Publication de la loi organique du 28 décembre 2021 relative à la modernisation de la gestion des finances publiques

Vingt ans après l’adoption de la loi organique du 1er août 2001 relative aux lois de finances (LOLF) (1), la loi organique n° 2021-1836 du 28 décembre 2021 relative à la modernisation de la gestion des finances publiques a été publiée au Journal officiel de la République française du 29 décembre 2021 (2).

Déposée le 4 mai 2021 sur le bureau de l’Assemblée nationale, la proposition de loi organique a fait l’objet d’une commission mixte paritaire conclusive le 18 novembre 2021. La loi organique a été déférée au Conseil constitutionnel le 25 novembre 2021, lequel a jugé les dispositions de la loi partiellement conforme à la constitution par une décision du 23 décembre 2021 (3).

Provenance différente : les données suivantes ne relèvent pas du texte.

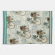 Serviette de cuisine de 16" x 24" avec une image de vignettes brunes de tout Paris sur un arrière - plan floral bleu et crème. Voir serviettes assorties, serviettes en papier, set de table en tissu, set de table en papier et dessous de verre. Voir toute la collection Cancan Kitchen Towel dans le document FOOD/BEV| Section Linens.
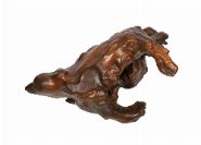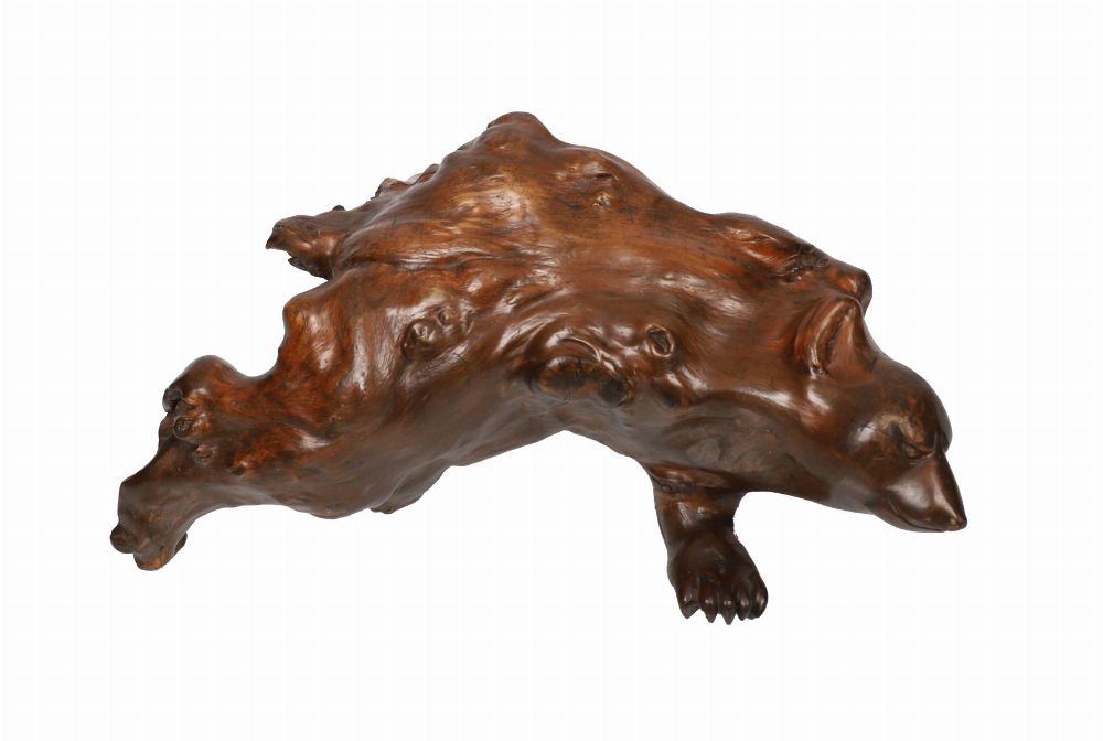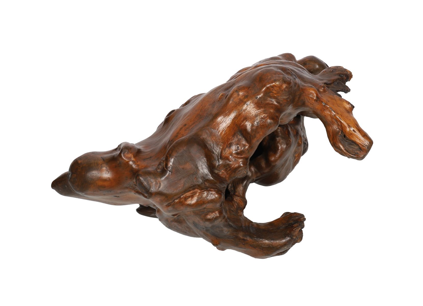 A large root-wood sculpture, naturalistically carved and worked to suggest the form of a bear, the organic gnarled surface of the root emphasising the animal’s musculature and movement. The wood polished to a rich, warm patina.

La publication de la loi organique suit celle de la loi n° 2021-1577 du 6 décembre 2021 portant diverses dispositions relatives au Haut Conseil des finances publiques et à l'information du Parlement sur les finances publiques le 7 décembre dernier (4).

Ces deux textes ont pour ambition de moderniser le cadre de gouvernance des finances publiques. La loi organique met en œuvre la majorité des préconisations du rapport d’information de l’Assemblée nationale relative à la mise en œuvre de la loi organique relative aux lois de finance (MILOLF) publié en septembre 2019 (5). Les évolutions proposées convergent également avec un rapport de la Cour des comptes de novembre 2020 "Les finances publiques : pour une réforme du cadre organique et de la gouvernance" (6) et un rapport de la Commission pour l’avenir des finances publiques de mars 2021 "Nos finances publiques post-Covid 19 : pour de nouvelles règles du jeu" (7).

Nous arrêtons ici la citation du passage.